Every tech company minus the few doing core research have been doing this for at least half a year. Generate training data with GPT4 or sometimes even 3.5 -> use it to do a QLoRA finetune on a llama or mistral base -> roll it out as a "proprietary" AI model -> management claims a big win and talks about how they're leaders in "[industry name] AI".
It is remarkably easy - it takes practically zero knowledge of ML and can usually be done with less than <$1k of cloud compute costs. The issue is that for most realistic tasks you can expect to end up with something roughly on the level of GPT-3.5, and its actually really hard to compute with GPT-3.5 on a cost level, at least if you use cloud GPUs.
> Every tech company minus the few doing core research have been doing this for at least half a year
I'm assuming you mean all those new 'AI wrapper' startups popping up.? I wouldn't say "every tech company". But yeh it seems incredibly easy, definitely an easy win and leaders get to feel ahead of the curve on AI.
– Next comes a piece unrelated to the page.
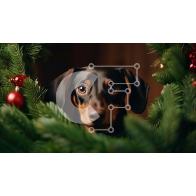 Υπάρχει δυνατότητα προσωποποίησης με δική σας φωτογραφία και προσαρμογής διαστάσεων κατόπιν παραγγελίας. Το συγεκεριμενο Puzzle 10x10 cm – 25 κομμ παρουσιαζει Αυτή η εικόνα παρουσιάζει έναν μαύρο και καφέ σκύλο dachshund που κρυφοκοιτάζει πίσω από ένα χριστουγεννιάτικο δέντρο. Ο σκύλος κοιτάζει ανυπόμονα την κάμερα με τα μάτια ορθάνοιχτα, σαν να έχει περιέργεια για το τι υπάρχει στη γωνία. Οι εορτ

I agree, in fact I would wager the opposite, that most who claim to be a tech company are simply using OpenAI or another vendor with a turnkey API for things launched recently. Over time I expect more use of fine-tuned models, but fine-tuning is not easy, especially if your goal is GPT parity (or better).
The thing I don't understand about this strategy is that it itself shows that there really is no money to be made here. I mean it's a pretty obvious giveaway that:
1. they don't have the resources to build their own technology and probably never will
2. even if they did have, the best they could do is come up with something very similar to OpenAI's GPT, i.e. a (somewhat) generic AI model. This means that OpenAI can also easily compete with them.
All these companies are doing (if anything) is that they test the market for OpenAI (or Google, MS) for free.
The flaw in your assumption is that perfect tech or tech powerhouses win. I mean, sure when they do, they win big; but the endgame for b2b SaaS is mostly M&A, powered by sales, which is mostly down to c-suite relationships and perception of being one among the market leaders ("nobody ever got fired for buying IBM").
If you can move fast, deliver, expand, and raise money, there's a good chance the AI wrapper lands a nice exit and/or morphs into a tech behemoth. Those outcomes (among others), even if mutually exclusive, are equally possible.
So, if I understand you correctly, the business strategy for an AI wrapper company would be that they acquire customers quickly from a specific niche, build a name, while having very little custom technology and then get acquired by some of the larger players who do have the actual AI tech in-house. And, for them, it would be worth it for the brand/market/existing client base.
Assuming that the advance made in the meanwhile in AI doesn't eradicate the whole thing. I mean say some company builds a personal assistant for managers to supplant secretaries, they become the go-to name and then Google buys them in 2-3-5 years. Unless Google's AI becomes so good in the meantime that you can just instruct it in 1-2 sentences to do this for you.
> get acquired by some of the larger players who do have the actual AI tech in-house. And, for them, it would be worth it for the brand/market/existing client base.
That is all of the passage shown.